Transformation - Heat Shock
Use DH5-α cells in most cases.- 1. Take competent E.coli cells from –80°C freezer and place on ice. Allow cells to thaw.
- 2. Mix cells by flicking the tube gently, then remove 100μl per transformation into a sterile pre-chilled (on ice) 1,5 tube.
- 3. Add 7μl of DNA per 100μl cells. Quickly flick the tube several times to ensure the even distribution of DNA.
- 4. Immediately place tubes on ice for 30 minutes.
- 5. Heat shock the cells for 90 seconds in a water bath at exactly 42 °C. Do no shake.
- 6. Immediately place tubes on ice for 2 minutes.
- 7. Add 1mL of room temperature LB media (with no antibiotic added) and incubate for 1 hour in shaker at 37°C.Can incubate tubes for 30 minutes with appropriate antibiotic added – usually Ampicillin or Kanamycin.
- 8. Spread about 100μL of the resulting culture on LB plates - Grow overnight (O/N). The cells may be pelleted by centrifugation at 500 x g for 5 minutes, then the cells can be resuspended and plated.
- 9. Pick colonies about 12-16 hours later.
Clean colony PCR
- 1. Pick the bacterial colonies and release them in 50μL distillate/autoclaved water.
- 2. Boil the sample at 95°C for 5 minutes.

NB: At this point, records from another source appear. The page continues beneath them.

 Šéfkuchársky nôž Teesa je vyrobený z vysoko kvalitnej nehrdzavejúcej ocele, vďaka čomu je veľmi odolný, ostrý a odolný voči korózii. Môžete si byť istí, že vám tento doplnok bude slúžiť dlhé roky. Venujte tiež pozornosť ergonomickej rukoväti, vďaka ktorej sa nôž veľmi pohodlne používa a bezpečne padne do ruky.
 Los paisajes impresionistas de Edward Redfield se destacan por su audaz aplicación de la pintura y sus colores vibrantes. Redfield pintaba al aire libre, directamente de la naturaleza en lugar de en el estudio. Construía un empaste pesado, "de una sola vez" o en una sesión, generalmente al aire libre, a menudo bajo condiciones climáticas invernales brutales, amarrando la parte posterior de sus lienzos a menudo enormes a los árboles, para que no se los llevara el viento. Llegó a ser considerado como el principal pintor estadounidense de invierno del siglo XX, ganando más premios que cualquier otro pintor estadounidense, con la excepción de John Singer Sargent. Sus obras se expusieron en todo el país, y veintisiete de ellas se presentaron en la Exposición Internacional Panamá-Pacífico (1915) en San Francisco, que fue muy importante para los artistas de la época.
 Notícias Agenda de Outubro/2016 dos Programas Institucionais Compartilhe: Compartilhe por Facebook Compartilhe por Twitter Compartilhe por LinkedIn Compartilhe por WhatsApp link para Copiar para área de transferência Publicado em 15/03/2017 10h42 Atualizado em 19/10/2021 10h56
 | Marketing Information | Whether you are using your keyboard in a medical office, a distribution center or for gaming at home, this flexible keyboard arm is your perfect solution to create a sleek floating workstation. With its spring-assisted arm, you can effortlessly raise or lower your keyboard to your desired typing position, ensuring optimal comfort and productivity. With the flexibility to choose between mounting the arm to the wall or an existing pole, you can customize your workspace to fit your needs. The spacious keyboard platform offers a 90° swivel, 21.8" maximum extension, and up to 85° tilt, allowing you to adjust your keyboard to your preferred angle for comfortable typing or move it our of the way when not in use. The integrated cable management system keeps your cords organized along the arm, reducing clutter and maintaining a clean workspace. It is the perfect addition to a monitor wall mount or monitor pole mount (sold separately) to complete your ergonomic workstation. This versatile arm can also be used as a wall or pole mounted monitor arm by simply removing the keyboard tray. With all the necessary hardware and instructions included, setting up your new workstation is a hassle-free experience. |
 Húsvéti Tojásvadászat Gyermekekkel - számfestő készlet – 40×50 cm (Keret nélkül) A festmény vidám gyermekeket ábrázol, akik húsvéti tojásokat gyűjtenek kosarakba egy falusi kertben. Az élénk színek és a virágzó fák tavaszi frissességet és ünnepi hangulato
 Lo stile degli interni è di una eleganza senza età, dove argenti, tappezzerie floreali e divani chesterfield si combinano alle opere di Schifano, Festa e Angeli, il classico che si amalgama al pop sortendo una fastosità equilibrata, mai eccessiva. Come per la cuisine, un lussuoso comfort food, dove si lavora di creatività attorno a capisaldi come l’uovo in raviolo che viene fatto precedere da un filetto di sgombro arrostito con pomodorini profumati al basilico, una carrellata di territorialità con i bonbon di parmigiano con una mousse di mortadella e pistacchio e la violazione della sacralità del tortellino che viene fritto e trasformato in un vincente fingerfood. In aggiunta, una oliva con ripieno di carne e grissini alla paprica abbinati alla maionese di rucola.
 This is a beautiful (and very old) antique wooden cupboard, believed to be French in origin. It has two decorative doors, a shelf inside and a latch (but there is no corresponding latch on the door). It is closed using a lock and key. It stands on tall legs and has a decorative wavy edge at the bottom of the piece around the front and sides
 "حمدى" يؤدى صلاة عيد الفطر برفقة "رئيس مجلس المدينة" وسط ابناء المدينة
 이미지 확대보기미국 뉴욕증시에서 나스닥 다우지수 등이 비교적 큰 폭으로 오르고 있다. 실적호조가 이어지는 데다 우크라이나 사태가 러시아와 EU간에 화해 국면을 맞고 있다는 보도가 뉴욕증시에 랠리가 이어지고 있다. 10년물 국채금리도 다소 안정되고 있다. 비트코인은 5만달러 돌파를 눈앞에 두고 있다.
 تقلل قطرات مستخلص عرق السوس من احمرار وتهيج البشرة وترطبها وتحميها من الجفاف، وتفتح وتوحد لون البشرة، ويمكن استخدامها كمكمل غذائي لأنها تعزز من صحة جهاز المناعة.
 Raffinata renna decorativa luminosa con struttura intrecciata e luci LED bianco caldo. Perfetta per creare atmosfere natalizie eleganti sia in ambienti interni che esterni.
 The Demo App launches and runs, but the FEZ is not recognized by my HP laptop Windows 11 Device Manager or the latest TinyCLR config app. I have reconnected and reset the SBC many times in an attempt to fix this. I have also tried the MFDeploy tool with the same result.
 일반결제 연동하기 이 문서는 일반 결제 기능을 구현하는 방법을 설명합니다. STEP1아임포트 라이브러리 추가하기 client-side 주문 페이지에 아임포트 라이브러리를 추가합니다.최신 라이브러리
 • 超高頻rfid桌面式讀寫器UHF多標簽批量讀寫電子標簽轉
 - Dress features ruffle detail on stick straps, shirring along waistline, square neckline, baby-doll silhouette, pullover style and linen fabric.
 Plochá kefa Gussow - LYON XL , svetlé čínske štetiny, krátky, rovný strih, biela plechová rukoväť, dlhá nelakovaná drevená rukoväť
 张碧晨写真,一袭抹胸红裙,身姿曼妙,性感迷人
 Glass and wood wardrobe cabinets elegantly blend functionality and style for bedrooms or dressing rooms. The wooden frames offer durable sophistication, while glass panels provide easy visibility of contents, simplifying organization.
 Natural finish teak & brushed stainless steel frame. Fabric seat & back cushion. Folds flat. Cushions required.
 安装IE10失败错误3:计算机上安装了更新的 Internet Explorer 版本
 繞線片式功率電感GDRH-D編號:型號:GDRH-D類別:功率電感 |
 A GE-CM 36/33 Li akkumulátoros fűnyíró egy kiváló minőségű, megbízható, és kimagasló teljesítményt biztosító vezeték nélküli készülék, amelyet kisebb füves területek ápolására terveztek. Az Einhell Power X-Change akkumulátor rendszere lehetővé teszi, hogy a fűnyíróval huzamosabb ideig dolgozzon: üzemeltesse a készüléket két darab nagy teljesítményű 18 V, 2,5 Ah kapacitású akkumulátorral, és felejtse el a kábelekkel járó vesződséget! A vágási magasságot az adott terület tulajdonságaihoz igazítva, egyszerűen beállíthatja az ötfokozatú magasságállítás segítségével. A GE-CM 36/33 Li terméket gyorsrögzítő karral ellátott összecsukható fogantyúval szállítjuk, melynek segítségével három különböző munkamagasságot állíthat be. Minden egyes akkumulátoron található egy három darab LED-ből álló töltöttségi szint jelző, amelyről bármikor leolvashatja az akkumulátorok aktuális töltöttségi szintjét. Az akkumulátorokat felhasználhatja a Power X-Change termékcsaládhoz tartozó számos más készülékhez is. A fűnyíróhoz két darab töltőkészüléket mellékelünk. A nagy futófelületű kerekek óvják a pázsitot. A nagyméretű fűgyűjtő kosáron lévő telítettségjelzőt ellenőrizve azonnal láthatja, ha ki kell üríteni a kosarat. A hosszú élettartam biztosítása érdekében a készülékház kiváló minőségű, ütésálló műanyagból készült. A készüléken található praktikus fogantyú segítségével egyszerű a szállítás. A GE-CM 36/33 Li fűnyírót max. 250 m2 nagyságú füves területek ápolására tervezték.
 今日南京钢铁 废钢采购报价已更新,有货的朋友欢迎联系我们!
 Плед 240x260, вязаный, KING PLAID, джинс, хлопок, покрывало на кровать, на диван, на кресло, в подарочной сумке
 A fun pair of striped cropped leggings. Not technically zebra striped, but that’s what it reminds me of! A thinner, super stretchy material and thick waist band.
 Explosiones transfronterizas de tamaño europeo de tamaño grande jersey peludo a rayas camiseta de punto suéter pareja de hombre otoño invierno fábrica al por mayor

- 3. Prepare 28μL of mix-PCR solution for each sample (6μL Buffer Taq 5x, 1,8μL MgCl2 25mM, 0,6μL dNTPs 5mM, 0,15μL per primers, 0,15μL Taq polymerase, 19,15μL H2O), blend it and then spin it.
- 4. Take 2mL of the sample and release into mix-PCR solution and blend it.
- 5. Impost the PCR machine for 30μL volume and for 30 cycles, 5 minutes at 93°C, 30 seconds at 95°C, 30 seconds at 53°C, 1 minute at 72°C, indefinitely at 4°C.
- 6. Insert the samples and start the PCR machine.
- 7. At the end of the PCR the samples are ready for electrophoresis.